I have a memory region, which is divided in blocks of predefined BLOCKSIZE size. Given a memory chunk, defined by its offset OFFSET in bytes and SIZE in bytes, how to efficiently calculate a number of blocks, containing this memory chunk?

For example, let's say the BLOCKSIZE=8. Then a memory chunk with OFFSET=0 and SIZE=16 will take 2 blocks, but a chunk with OFFSET=4 and SIZE=16 will take 3 blocks.

I can write a formula like this (using integer arithmetics in C):

numberOfBlocks = (OFFSET + SIZE - 1) / BLOCKSIZE - (OFFSET / BLOCKSIZE) + 1;

This calculation will take 2 divisions and 4 additions. Can we do better, provided that the BLOCKSIZE is a power of 2 and OFFSET >= 0 and SIZE > 0?

UPDATE: I uderstand that division can be replaced by shifting in this case.

Upvotes: 0

Views: 2441

Answers (1)

John Bollinger
John Bollinger

Reputation: 180430

Can we do better, provided that the BLOCKSIZE is a power of 2?

I don't think so.

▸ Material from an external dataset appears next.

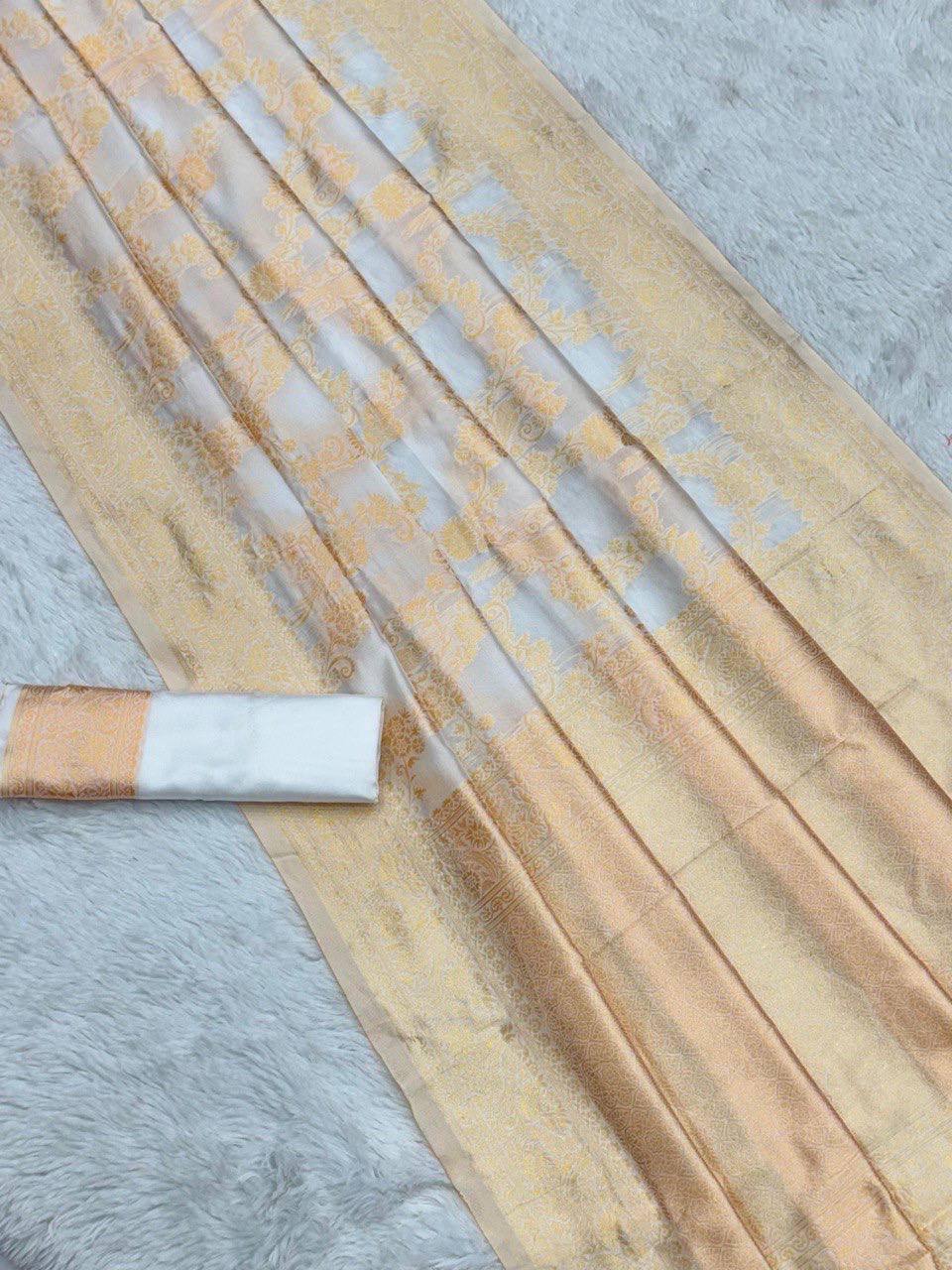 With a comfortable weight of 460 grams, it offers a graceful fall without heaviness. Whether it’s an intimate family wedding or a big fat Indian wedding, this saree ensures your outfit never comes in between your fun and celebrations.

Your (corrected) formula is basically (index of the first block after the chunk) - (index of the first containing any part of the chunk). You could formulate it differently -- say, as the sum of a base number of blocks plus an adjustment for certain layouts that require one extra block -- but that actually increases the number of operations needed by a couple:

numberOfBlocks = (SIZE + BLOCKSIZE - 1) / BLOCKSIZE
        + ((SIZE % BLOCKSIZE) + (OFFSET % BLOCKSIZE)) / BLOCKSIZE;

I don't see any way around performing (at least) two integer divisions (or equivalent bit shifts), because any approach to the calculation requires computing two block counts. These two computations cannot be combined, because each one requires a separate remainder truncation.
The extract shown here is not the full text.